The essential supports (see below) necessary for improvement are no different in high-poverty schools than in more affluent schools. However, getting high-poverty schools to become highly functioning organizations requires significantly more work and coordination.

Focusing Improvement Efforts

So, if improvement is more about carefully organizing the work processes in schools as opposed to focusing solely on individual performance, where should we focus our efforts? 

At the School Performance Institute (SPI), we’ve chosen to focus on the Essential Supportsframework developed by the University of Chicago’s Consortium on School Research. This team of researchers identified five organizational features of schools that interact with life inside of classrooms and are essential to advancing student achievement. They include:

  1. Ambitious Instruction
  2. Collaborative Teachers
  3. Effective Leaders
  4. Involved Families
  5. Supportive Environment

The Chicago researchers noted that schools that are strong on at least three out of five of these essential supports are ten times more likely to improve student learning outcomes, attendance, graduation rates, college matriculation, and teacher retention when compared to schools that are weak in three or more essential supports.

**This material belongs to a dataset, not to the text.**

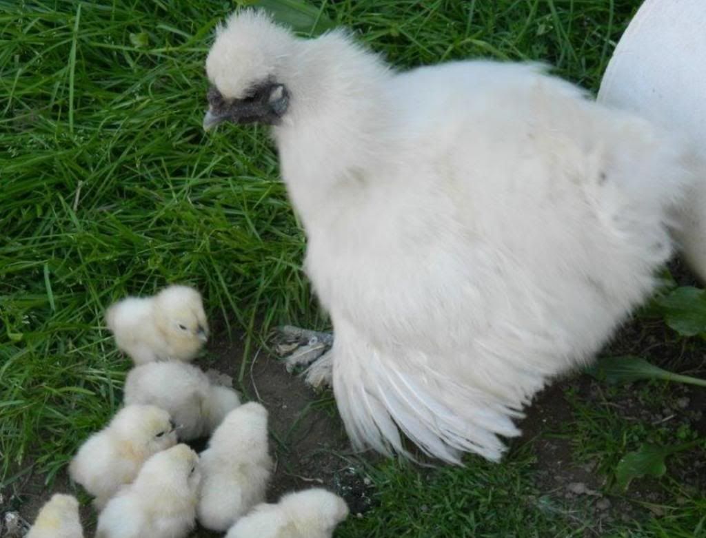 Reese the silkie hen and her babies(they're 1 week old).
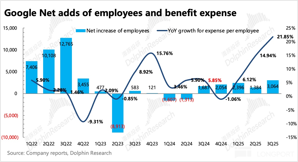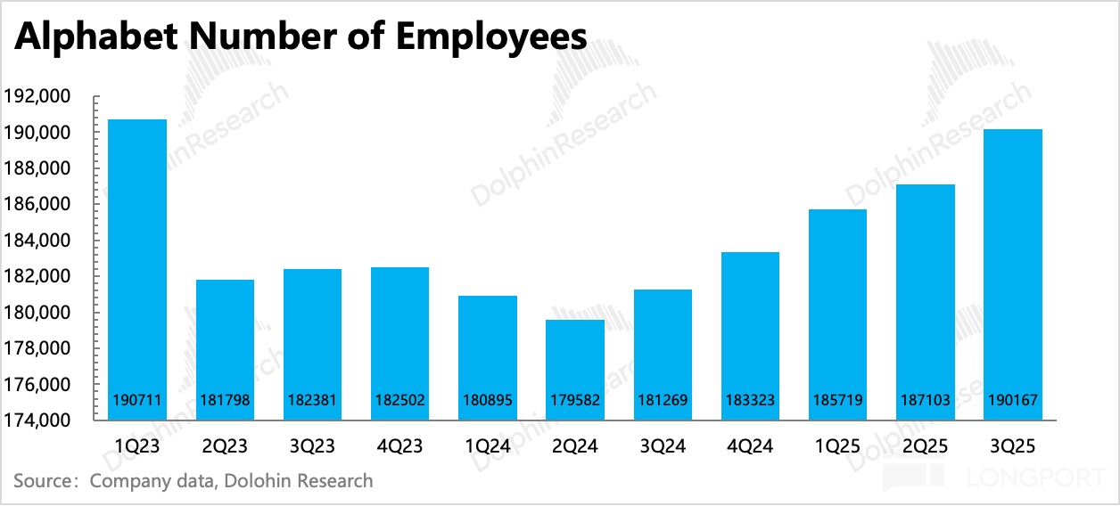 不过盈利能力优化,主要靠的是收入端的扩张。实际支出的绝对值上,还是增长的。其中销售费用负增长,管理费用剔除罚款也是同比持平,主要新增就是来自研发费用。三季度集团员工规模净新增了 3064 人,但后续大厂对传统业务优化裁员还是主要方向。年初谷歌就颁布了自愿离职方案,后续应该还是保持进出稳态区间(优化传统业务,新增 AI 等新业务),而非趋势性的扩张。

SPI’s organizational performance work has been developed both through alignment with the Chicago study as well as through the careful study of high impact best practices at a number of high-performing, high-poverty schools across the country.

Those that choose to do school improvement work, especially in high-poverty schools, have a long and tough road ahead. At the School Performance Institute, we are excited to share what we’ve learned over the last decade in the hopes we can make that road a bit smoother for others.

[1] Marzano, R.J., Waters, T., & McNulty, B. (2005). School leadership that works: From research to results. Alexandria, VA: Association for Supervision and Curriculum Development.

[2] Bryk, A., Gomez, L., Grunow, A., & LeMahieu, P. (2015). Learning to Improve: How America’s Schools Can Get Better at Getting Better. Cambridge, MA: Harvard Education Press.